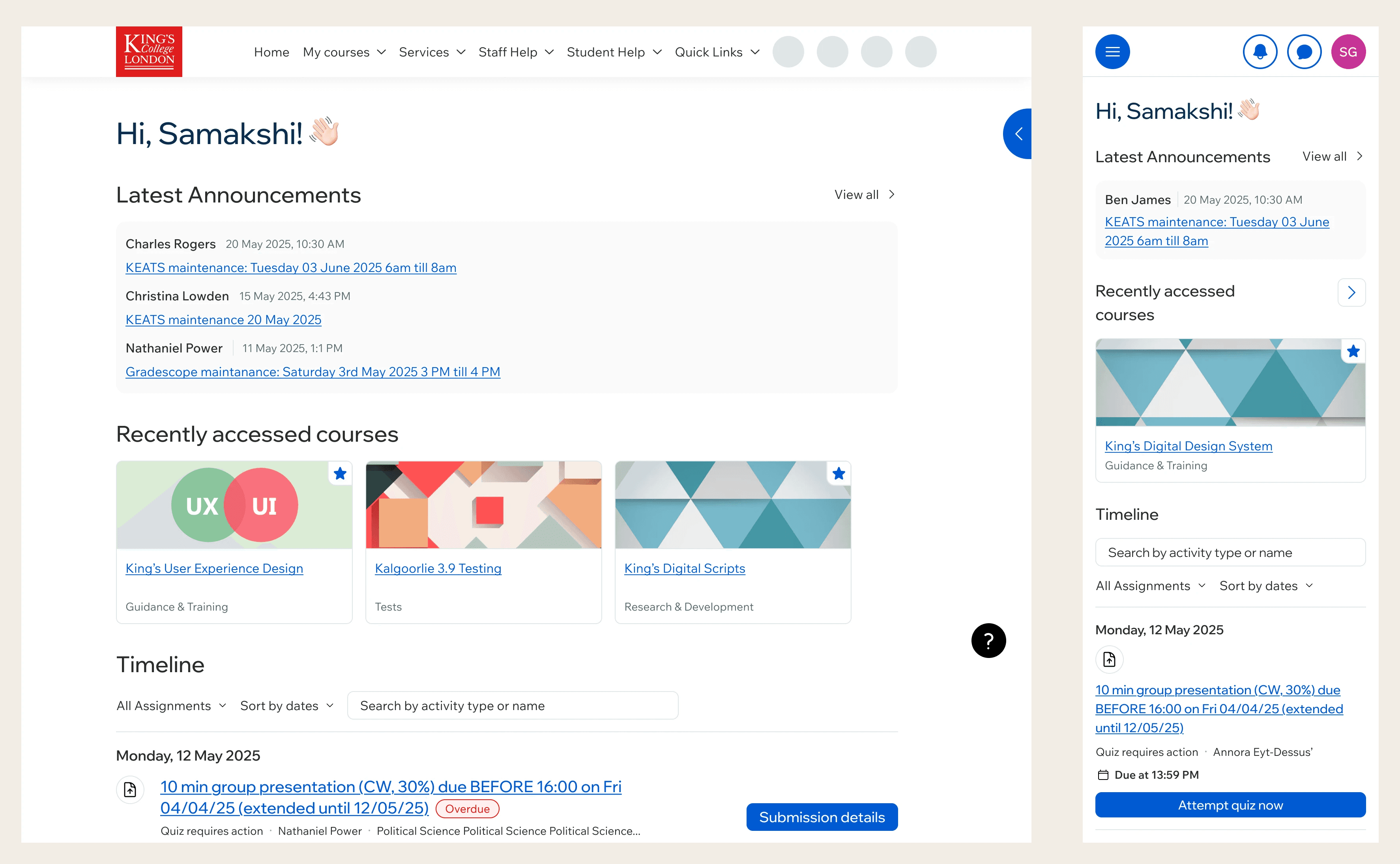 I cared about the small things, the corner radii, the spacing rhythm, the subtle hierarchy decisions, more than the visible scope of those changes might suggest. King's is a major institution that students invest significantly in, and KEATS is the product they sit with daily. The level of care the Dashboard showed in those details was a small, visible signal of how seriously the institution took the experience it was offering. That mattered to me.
───
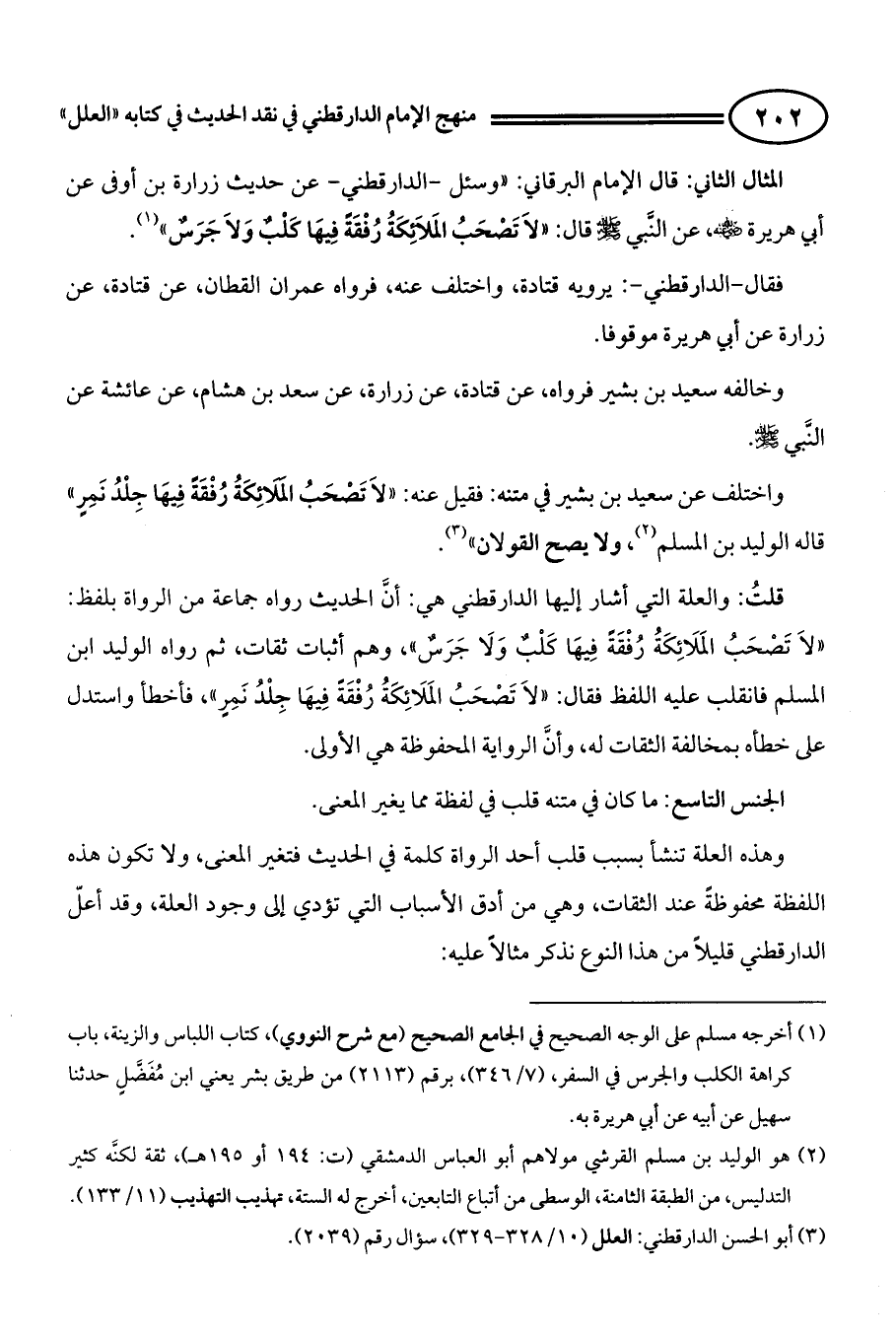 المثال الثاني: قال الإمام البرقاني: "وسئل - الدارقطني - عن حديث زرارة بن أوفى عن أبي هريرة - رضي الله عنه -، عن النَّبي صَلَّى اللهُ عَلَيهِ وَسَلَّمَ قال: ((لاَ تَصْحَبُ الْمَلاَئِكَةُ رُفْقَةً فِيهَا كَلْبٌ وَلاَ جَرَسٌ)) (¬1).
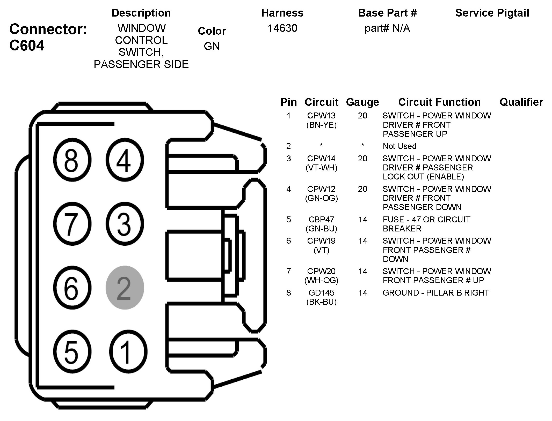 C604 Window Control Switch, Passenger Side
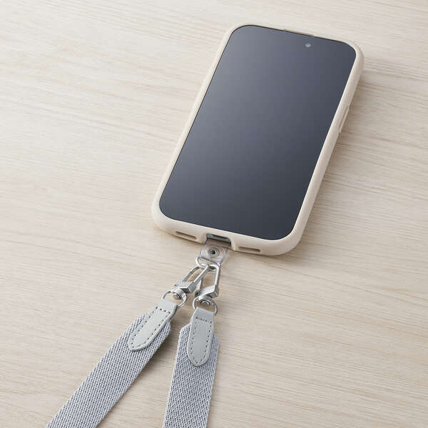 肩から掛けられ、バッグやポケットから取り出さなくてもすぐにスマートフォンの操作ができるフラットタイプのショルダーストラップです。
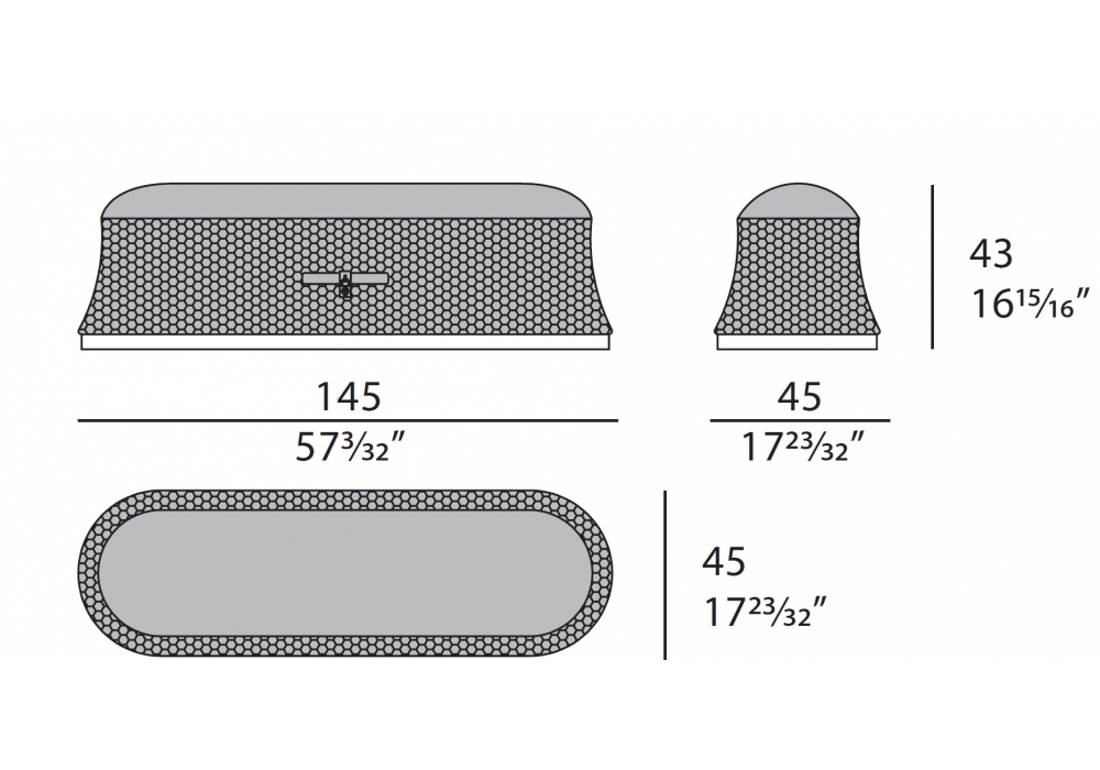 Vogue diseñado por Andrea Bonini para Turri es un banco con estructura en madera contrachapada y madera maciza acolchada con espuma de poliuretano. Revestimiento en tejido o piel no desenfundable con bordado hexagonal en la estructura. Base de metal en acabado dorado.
───
Your instructions:
Reproduce the lines above starting at the one with "المثال الثاني: قال" and ending at the one with "Vogue diseñado por", both included, exactly and with no pictures.

Response for this exercise:
 المثال الثاني: قال الإمام البرقاني: "وسئل - الدارقطني - عن حديث زرارة بن أوفى عن أبي هريرة - رضي الله عنه -، عن النَّبي صَلَّى اللهُ عَلَيهِ وَسَلَّمَ قال: ((لاَ تَصْحَبُ الْمَلاَئِكَةُ رُفْقَةً فِيهَا كَلْبٌ وَلاَ جَرَسٌ)) (¬1).
 C604 Window Control Switch, Passenger Side
 肩から掛けられ、バッグやポケットから取り出さなくてもすぐにスマートフォンの操作ができるフラットタイプのショルダーストラップです。
 Vogue diseñado por Andrea Bonini para Turri es un banco con estructura en madera contrachapada y madera maciza acolchada con espuma de poliuretano. Revestimiento en tejido o piel no desenfundable con bordado hexagonal en la estructura. Base de metal en acabado dorado.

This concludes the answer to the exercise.